Ясновельможный пан отец, сказала я, разве я мелкопоместная шляхтянка? От царского титула не откажусь! Надо попасть в Тушино к моему любезному супругу!
Я страстно желала опять быть с ним. Страстно, всей душой. Он должен был подарить мне царевича. И тогда ни один дьявол не согнал бы меня с московского трона. Я хотела быть с ним в постели, хотела целовать его… он нравился мне, он был со мной ласков… чего же еще? И он не менее моего хотел, чтобы родился царевич!
Пан отец тайно послал письмо в Тушино, чтобы нас, когда мы поедем от Москвы на Смоленск, перехватили и отбили. И все вышло отменно, и я под охраной бравых молодцов пана Сапеги ехала к мужу, и пела от счастья, но князь Мосальский предупредил меня. Пани Марина, сказал он, вы чаете увидеть своего пана Димитра, но вас ждет совсем другой пан, носящий то же имя. Я закричала, я отказалась ехать дальше! Мне был нужен мой муж, московский царь! Пан Сапега пять дней уговаривал меня. У нас нет для вас другого русского царя, так сказал он мне, или вы берете этого, или отправляйтесь в Самбор и будьте там вдовой неизвестно чьей… Я — вдовой? Чтобы все надо мной потешались? Нет, сказала я, нет, панове! Черт с вами, везите меня в Тушино…
Пан отец приехал туда раньше, получил много денег, северскую землю под свою руку и четырнадцать городов. Он тоже уговаривал меня — и я согласилась при встрече признать в том человеке своего мужа. Это было необходимо.

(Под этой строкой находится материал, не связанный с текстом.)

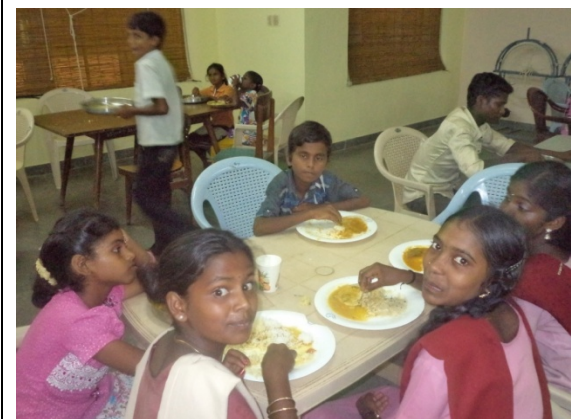
The delicious food is served , The children enjoy with BADA KANA. With residents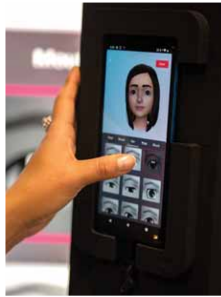
A young woman makes a virtual image of herself at a TikTok stand during the international influencer convention Vidcon in Mexico City on September 23, 2022.

For Sprinz, the #BookTok phenomenon is driven by the fact that TikTok is a visual platform, allowing people to show how they feel about a book. And people being stuck at home during the coronavirus pandemic may have accelerated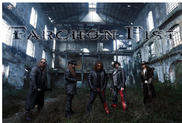
Tarchon Fist 2019

On April 2019 the recording of two new videoclips started: “My Destiny” and “Proud To Be Dinosaurs”.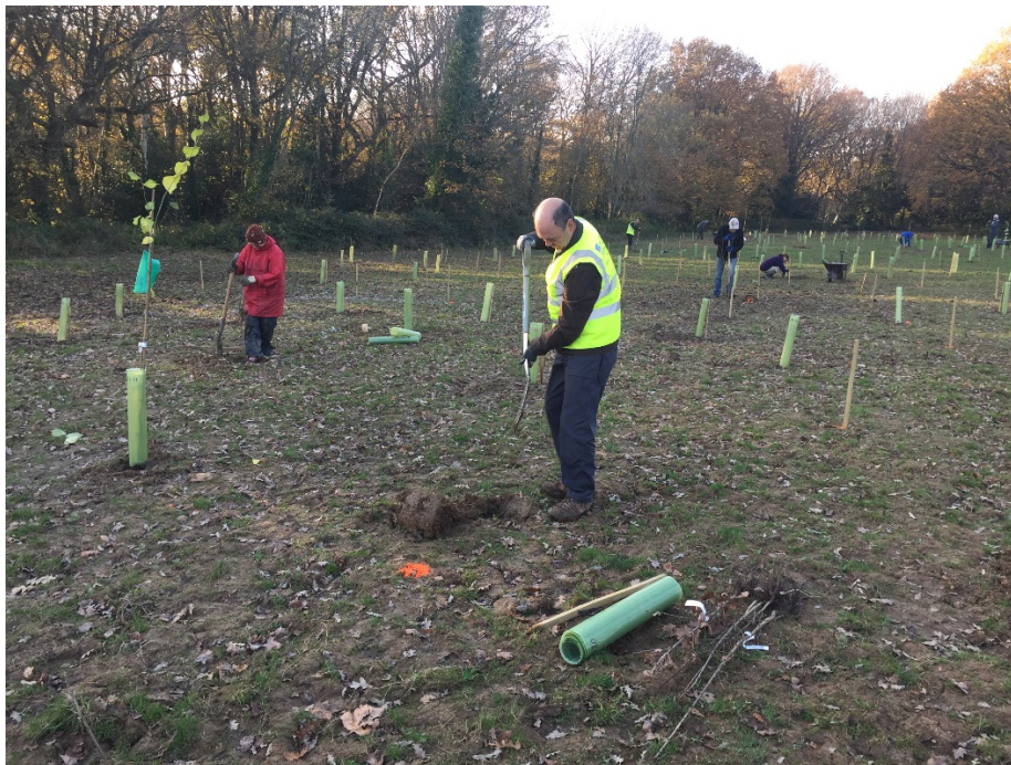
Socially distanced planting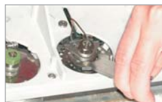
Use the larger end to tighten the split/splitless weldment nut.

Я увидела его и ощутила неслыханное омерзение. Как могли признать за русского царя этого урода? В лагере были люди, которые знали моего мужа, — как они могли изменить мужу и называть государем этого гнусного мерзавца? Я выполнила отцовскую просьбу, я при всех его обняла, а потом заперлась в своей комнате и отказалась с ним встречаться. Пан отец уговаривал меня. Ты должна сделать это ради своего будущего — говорил он. Ты должна родить царевича — а потом с этим паном что-нибудь случится…

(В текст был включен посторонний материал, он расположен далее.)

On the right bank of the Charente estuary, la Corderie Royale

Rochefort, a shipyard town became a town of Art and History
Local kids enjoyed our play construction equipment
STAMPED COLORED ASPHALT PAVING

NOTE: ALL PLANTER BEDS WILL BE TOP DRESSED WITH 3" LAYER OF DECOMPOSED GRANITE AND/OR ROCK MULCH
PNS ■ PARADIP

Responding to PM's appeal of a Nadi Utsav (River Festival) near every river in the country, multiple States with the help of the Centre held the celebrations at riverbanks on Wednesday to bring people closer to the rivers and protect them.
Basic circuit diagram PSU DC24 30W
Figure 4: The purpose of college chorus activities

Я сказала — как мне лечь в постель с человеком, который мне не муж? Пан отец ответил — можно устроить тайное венчание. Это будет правильное венчание, в лагере есть наши, католические священники. Что мне оставалось?
Инокиня Марфа. Нет, не он, не он… молчит мое сердечко…
Опять ложится.
Старица Марфа. Беда, беда! Войско самозванца взяло Ростов. Муж заперся с верными людьми в церкви, церковь взяли приступом. С него богатые ризы сорвали, дали худые, под стражей повезли в Тушино, к тушинскому вору. Хорошо хоть, мы с сыночком успели уехать.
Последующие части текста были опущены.